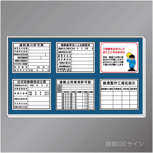 土木建築現場・工場構内標識 > 法令許可ベース板・   イラストセットパネル
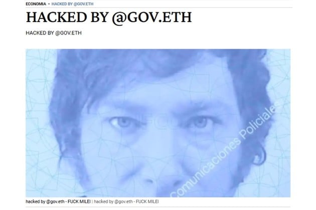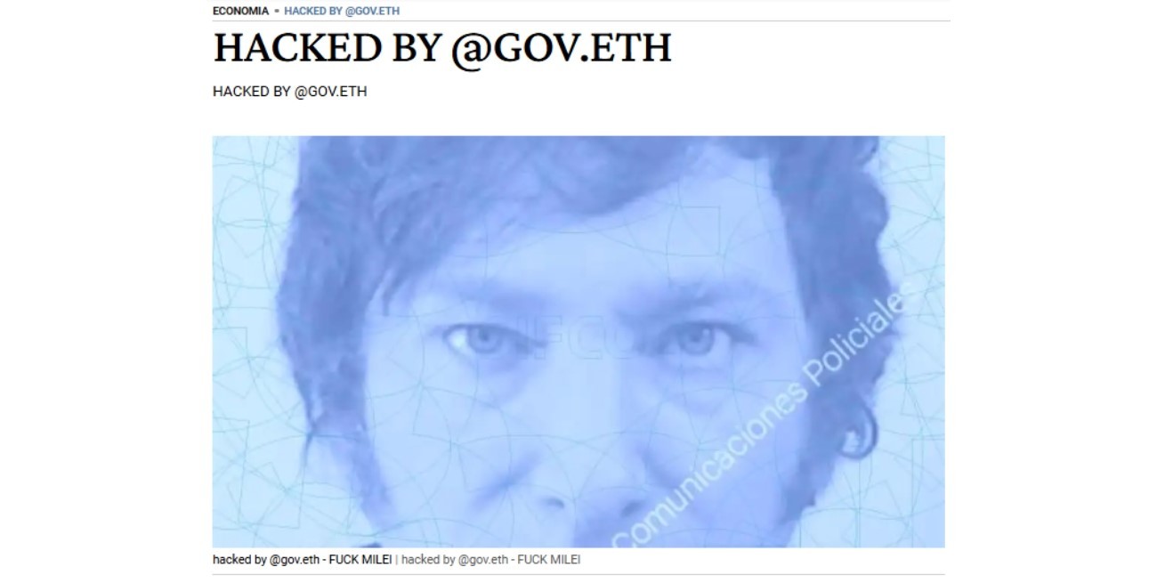 “HACKED BY @GOV.ETH” y “FUCK MILEI” se puede leer en repetidos apartados de un diario de la ciudad de Buenos Aires abocado a temáticas políticas.
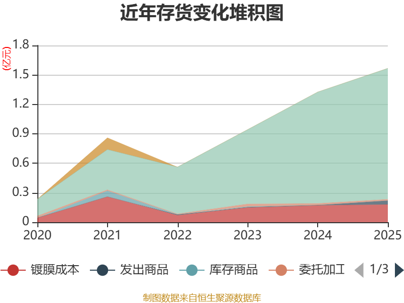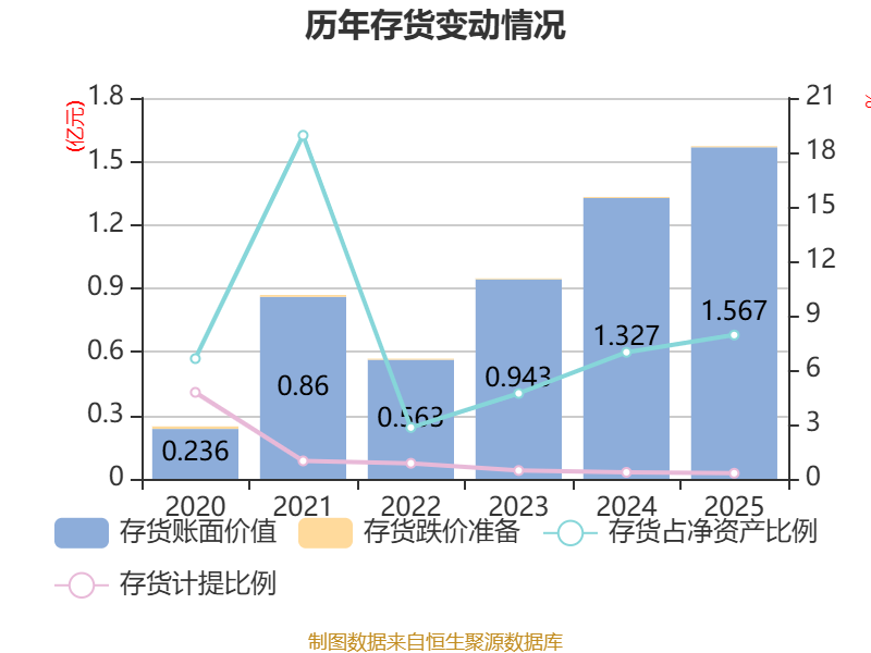 从存货变动来看,截至2025年末,公司存货账面价值为1.57亿元,占净资产的7.93%,较上年末增加2398.49万元。其中,存货跌价准备为48.11万元,计提比例为0.31%。

**TO DO**
Leave every picture out and set down exactly the lines running from the one with "a temáticas políticas." to the last line of the material above.

**SOLUTION**
 “HACKED BY @GOV.ETH” y “FUCK MILEI” se puede leer en repetidos apartados de un diario de la ciudad de Buenos Aires abocado a temáticas políticas.
 从存货变动来看,截至2025年末,公司存货账面价值为1.57亿元,占净资产的7.93%,较上年末增加2398.49万元。其中,存货跌价准备为48.11万元,计提比例为0.31%。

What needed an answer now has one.